┌────────

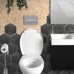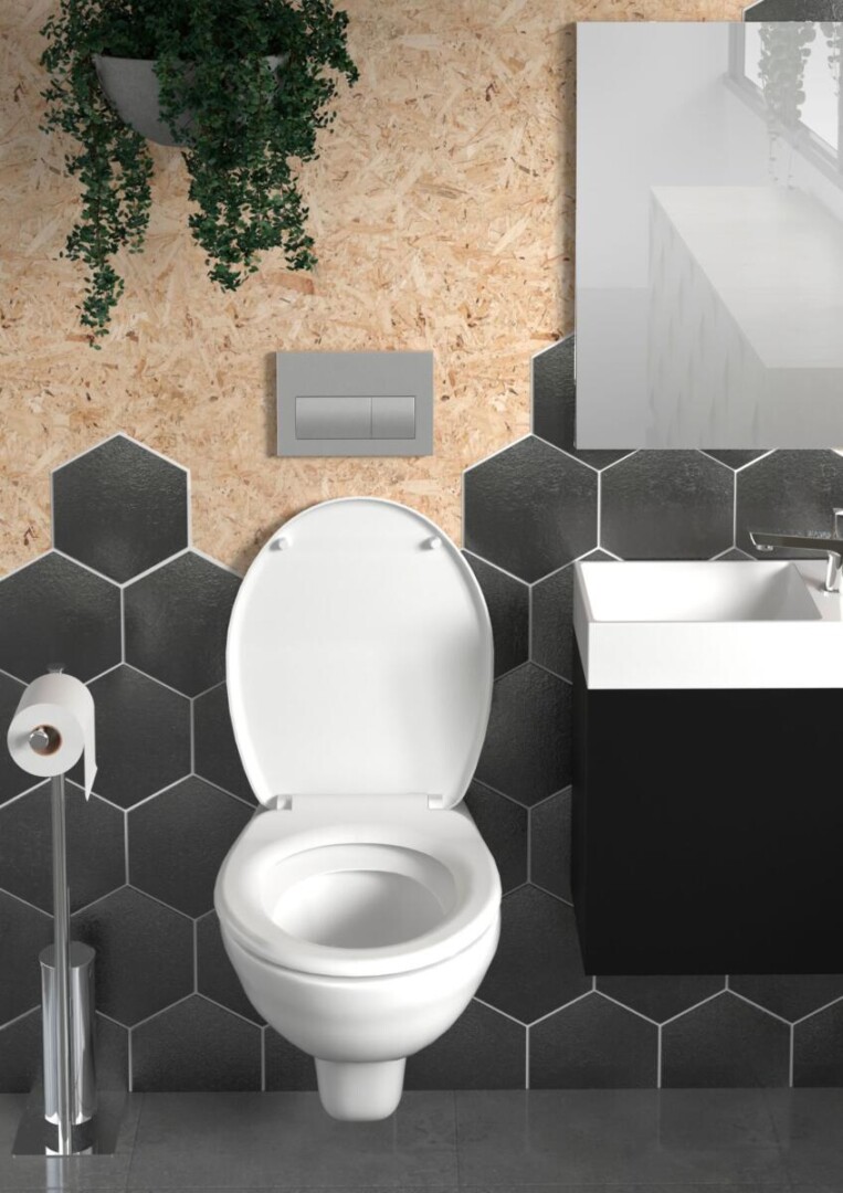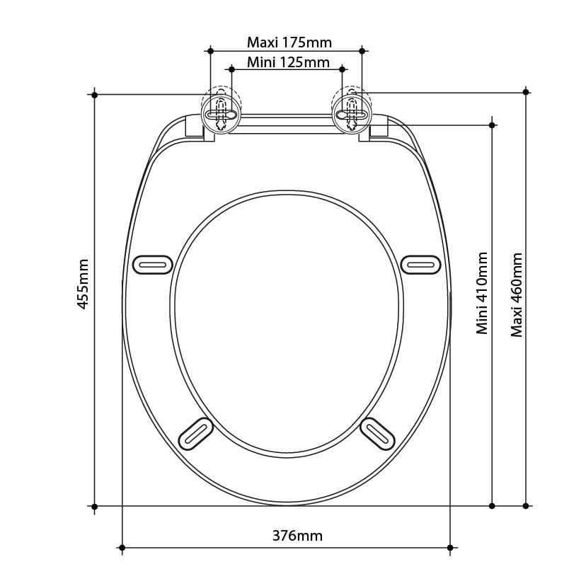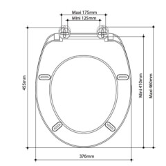 WC-zitting in Thermohardende kunststof – Inclusief inox scharnieren – Bevestiging via de onderkant – Anti-bacteriëel – Standaard – Afm. : 37,6 x 5 x 46 cm – Gewicht : 1,94-2,03 kg
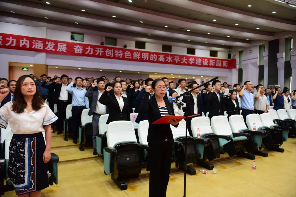 他表示,過去一年,學(xué)校堅持以習(xí)近平新時代中國特色社會主義思想為指導(dǎo),深入貫徹黨的教育方針,圍繞落實(shí)立德樹人根本任務(wù),把黨的領(lǐng)導(dǎo)貫穿于辦學(xué)治校、教書育人全過程,團(tuán)結(jié)帶領(lǐng)全校師生深入推進(jìn)內(nèi)涵式發(fā)展。他對全體教職工提出三點(diǎn)希望:一是不忘立德樹人的初心,要牢記為黨育人、為國育才使命;二是不忘立德樹人的初心,要有潛心教書育人的情懷;三是不忘立德樹人的初心,要不斷提升教書育人本領(lǐng)。
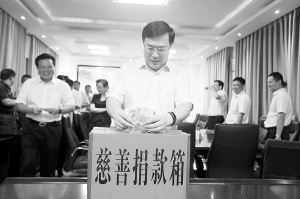会后,县领导马卫东、熊和平、闫冬梅、杨继鲁、李德来、孙培忠等带头将饱含爱心的善款投入到慈善捐款箱。
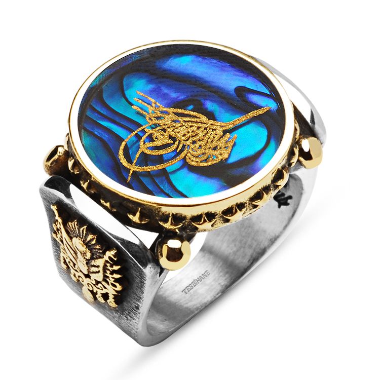 | Ürün Adı | Okyanus Sedefi Üzerine Altın Varak Tuğralı Arma Tasarım Gümüş Yüzük |

└────────

** PROBLEM DETAILS **
The result is an exact copy of the lines from the one holding "他表示,過去一年,學(xué" through the final line of the data above, both ends included, minus the pictures.

** RESULT FOR THIS EXERCISE **
 他表示,過去一年,學(xué)校堅持以習(xí)近平新時代中國特色社會主義思想為指導(dǎo),深入貫徹黨的教育方針,圍繞落實(shí)立德樹人根本任務(wù),把黨的領(lǐng)導(dǎo)貫穿于辦學(xué)治校、教書育人全過程,團(tuán)結(jié)帶領(lǐng)全校師生深入推進(jìn)內(nèi)涵式發(fā)展。他對全體教職工提出三點(diǎn)希望:一是不忘立德樹人的初心,要牢記為黨育人、為國育才使命;二是不忘立德樹人的初心,要有潛心教書育人的情懷;三是不忘立德樹人的初心,要不斷提升教書育人本領(lǐng)。
会后,县领导马卫东、熊和平、闫冬梅、杨继鲁、李德来、孙培忠等带头将饱含爱心的善款投入到慈善捐款箱。
 | Ürün Adı | Okyanus Sedefi Üzerine Altın Varak Tuğralı Arma Tasarım Gümüş Yüzük |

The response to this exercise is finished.